Start of Data shown

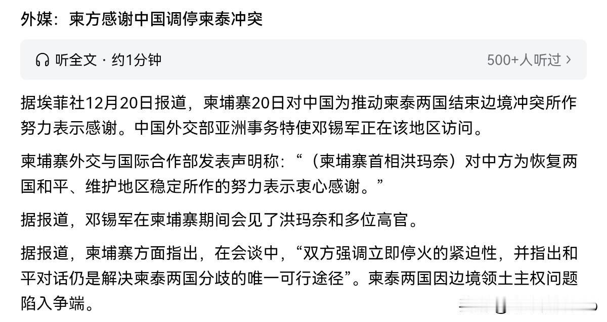 柬埔寨松了一口气!面对来访的中国特使,柬埔寨方面高度重视!12月22日,根据国内媒体报道,在我们的外交部亚洲事务特使邓锡军访问柬埔寨之后,柬埔寨专门发表声明表示,柬埔寨首相洪玛奈对中方为恢复两国和平、维护地区稳定所作的努力表示衷心感谢。而在此期间,包括洪玛奈在内的多名柬埔寨官员均与我们的特使举行会晤。 很显然,柬埔寨方面的这一态度,这传递出来的信息是什么呢?恐怕最起码有两点,其一,柬埔寨完全认可我们对于区域事务的斡旋能力,承认我们对于区域事务有重大影响力,而这也是借此强化与我们的关系。其二,柬埔寨的这一声明无疑是跟我们统一口径,柬埔寨希望借势中国,尽快实现停火止战。 事实上,就现实情况而言,泰柬冲突加剧以来,局势对于柬埔寨越来越不利,柬埔寨国内老百姓流离失所不说,包括洪马内的领导力也受到挑战。及时停战止损,完全符合柬埔寨的利益。中方的介入,不仅为柬泰双方搭建了沟通对话的桥梁,而且还能缓解战争带来的国内的民生压力、稳固执政根基,也能在复杂的地区博弈中占据主动,避免沦为外部势力的棋子。很显然,中方的出手,让柬埔寨松了一口气,这有利于停火尽快实现。
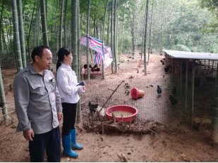 姚所长三天两头来探访,从养殖规模、养殖技术等方面给了很可贵的建议。姚所长建议我们不要把养殖局限在鸡舍里,要让土鸡有充分的运动。于是我们在屋后的竹林里搭建架子。
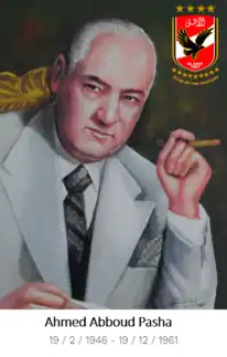 Abboud Pasha was one of the longest-serving Presidents of Al Ahly SC, Egypt’s oldest and most popular club, serving over a sixteen year period that is often described as 'Ahly’s Golden Years’. Al Ahly decided to participate in the Egyptian national league for the first time in 1948, and the club then proceeded to win 9 consecutive championships.[15] Abboud Pasha refused all government subsidies and supported the club from his private fortune.[16] He built a swimming pool complex for the players and acquired additional land so that the club’s grounds extended all the way to the Nile Corniche.[17]
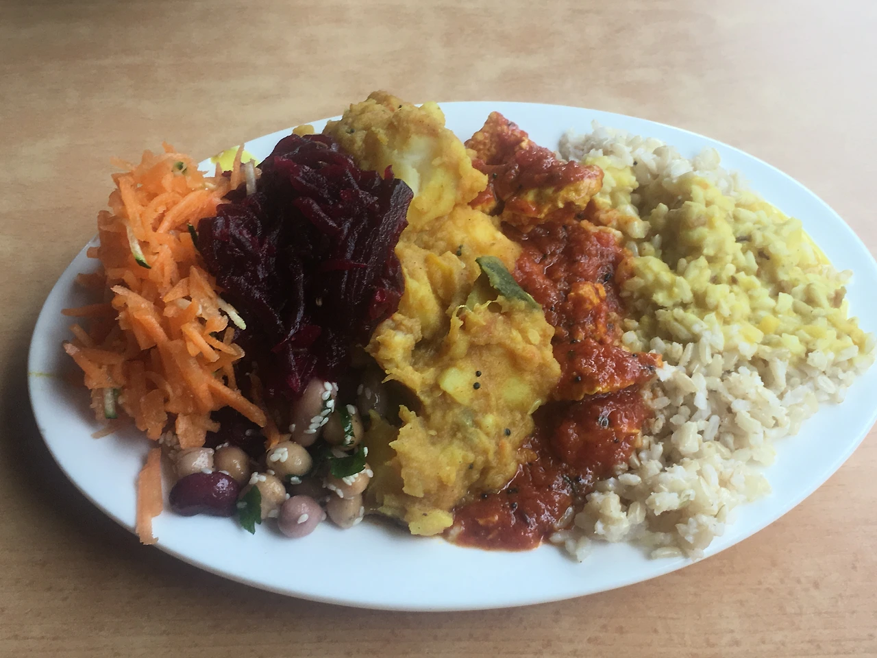여기는 더블린시티 중심에 있는 채식레스토랑 <고빈다스>. 이곳의 메뉴들은 전통적인 인도음식은 아니지만 강황, 큐민, 터머릭 등 인도커리에 사용되는 향신료를 주로 사용하기 때문에 인도음식과 가장 비슷하다. 기본 메뉴로는 스프, 흰밥과 현미밥, 콩요리, 야채요리, 두부, 수제치즈, 렌틸소스와 오늘의 메인요리가 있고, 디저트로는 홈메이드 비건케이크가 있다. 이 중 스프와 콩요리, 야채요리, 메인요리, 케이크는 매일 달라진다. 접시 크기에 따라 스몰은 6.5유로, 미디움 8.5유로, 라지 10.5 유로. 하지만 접시 크기와 상관없이 스프와 케이크를 제외한 모든 메뉴를 골고루 맛볼 수 있다. 먼저 원하는 사이즈를 고르고 원하는 음식을 말하면 직원이 접시에 담아주는데, 푹푹 퍼주는 인심이 우리네 옛날 시골인심이라 웬만한 남자성인도 스몰사이즈로 배부르게 먹을 수 있다. 실제로 접시가 이미 다 찼는데 고객이 원하는 음식이 더 있으면 작은 접시에 따로 담아 내주기도 한다. 물론 추가요금은 받지 않는다. 같은 이름의 식당이 앤지어 스트리트에 또 하나 있다. 같은 단체에서 운영하는 식당이라 가격과 음식 종류, 맛, 모두 비슷한데, 앤지어 스트리트 지점은 음식이 내 입에 좀 짜서 개인적으로는 에비 스트리트에 있는 지점을 선호한다.
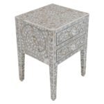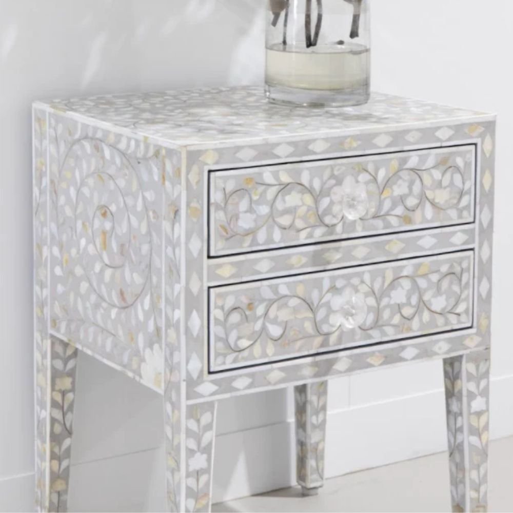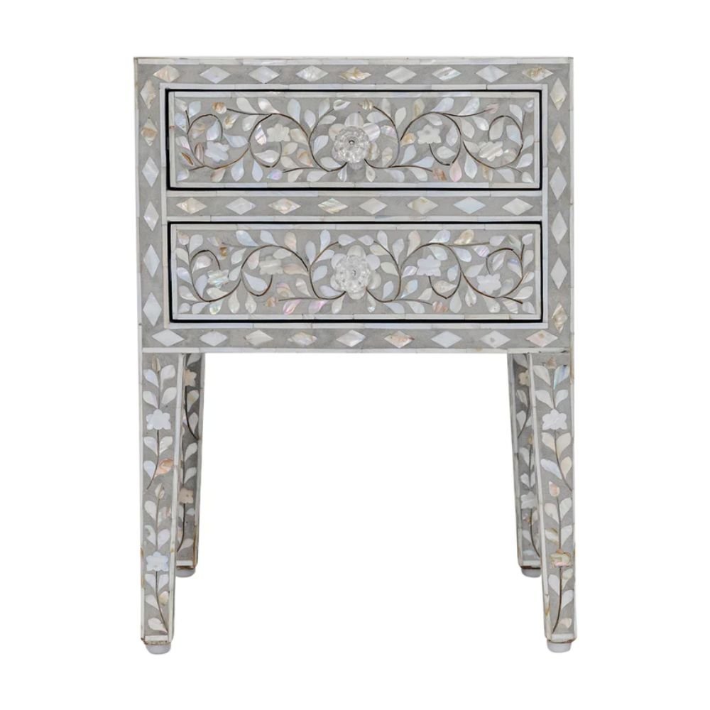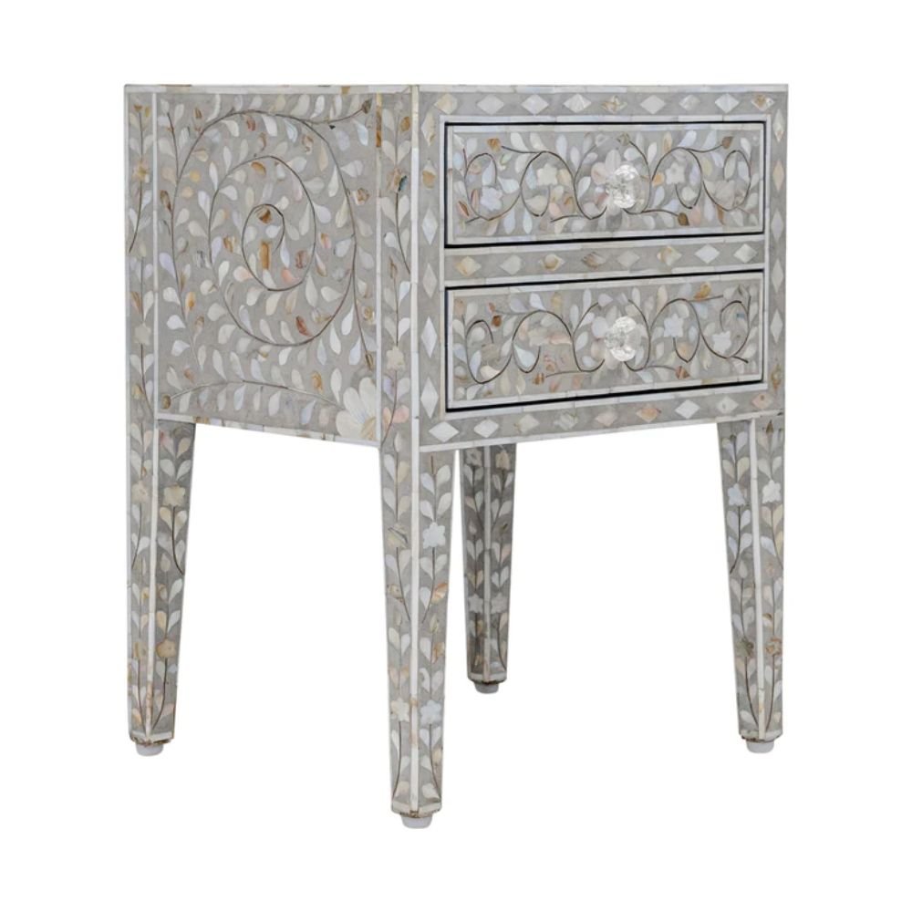 Home Collections Jaipuri Mother of Pearl Floral Bedside Table 2-Drawers
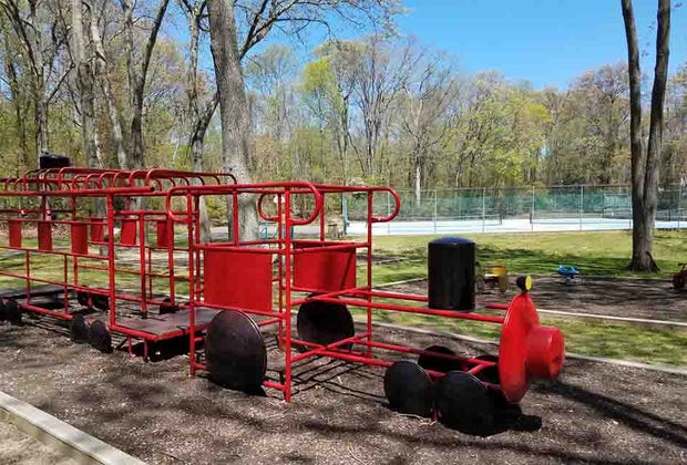 Bayberry Park, or Police Officer's Memorial Park, is completely surrounded by trees. There is small equipment for toddlers to safely climb on, as well as larger structures for older kids. The highlight is a train made of metal bars, perfect for swinging, climbing, and imaginative play. There are also basketball and tennis courts, as well as picnic tables. FREE
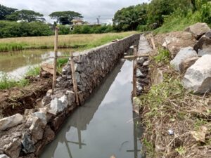 Lebih parah lagi, struktur irigasi terlihat dikerjakan dengan campuran batu baru dan batu bekas, susunan batu acak, tidak seragam, dan disatukan dengan adukan semen yang sangat minim.

End of Data shown

[Prompt]
Output should consist of the lines above from the one with "姚所长三天两头来探访,从养殖" down to the one with "Home Collections Jaipuri", exact and without pictures.

[Result of this task]
 姚所长三天两头来探访,从养殖规模、养殖技术等方面给了很可贵的建议。姚所长建议我们不要把养殖局限在鸡舍里,要让土鸡有充分的运动。于是我们在屋后的竹林里搭建架子。
 Abboud Pasha was one of the longest-serving Presidents of Al Ahly SC, Egypt’s oldest and most popular club, serving over a sixteen year period that is often described as 'Ahly’s Golden Years’. Al Ahly decided to participate in the Egyptian national league for the first time in 1948, and the club then proceeded to win 9 consecutive championships.[15] Abboud Pasha refused all government subsidies and supported the club from his private fortune.[16] He built a swimming pool complex for the players and acquired additional land so that the club’s grounds extended all the way to the Nile Corniche.[17]
여기는 더블린시티 중심에 있는 채식레스토랑 <고빈다스>. 이곳의 메뉴들은 전통적인 인도음식은 아니지만 강황, 큐민, 터머릭 등 인도커리에 사용되는 향신료를 주로 사용하기 때문에 인도음식과 가장 비슷하다. 기본 메뉴로는 스프, 흰밥과 현미밥, 콩요리, 야채요리, 두부, 수제치즈, 렌틸소스와 오늘의 메인요리가 있고, 디저트로는 홈메이드 비건케이크가 있다. 이 중 스프와 콩요리, 야채요리, 메인요리, 케이크는 매일 달라진다. 접시 크기에 따라 스몰은 6.5유로, 미디움 8.5유로, 라지 10.5 유로. 하지만 접시 크기와 상관없이 스프와 케이크를 제외한 모든 메뉴를 골고루 맛볼 수 있다. 먼저 원하는 사이즈를 고르고 원하는 음식을 말하면 직원이 접시에 담아주는데, 푹푹 퍼주는 인심이 우리네 옛날 시골인심이라 웬만한 남자성인도 스몰사이즈로 배부르게 먹을 수 있다. 실제로 접시가 이미 다 찼는데 고객이 원하는 음식이 더 있으면 작은 접시에 따로 담아 내주기도 한다. 물론 추가요금은 받지 않는다. 같은 이름의 식당이 앤지어 스트리트에 또 하나 있다. 같은 단체에서 운영하는 식당이라 가격과 음식 종류, 맛, 모두 비슷한데, 앤지어 스트리트 지점은 음식이 내 입에 좀 짜서 개인적으로는 에비 스트리트에 있는 지점을 선호한다.
 Home Collections Jaipuri Mother of Pearl Floral Bedside Table 2-Drawers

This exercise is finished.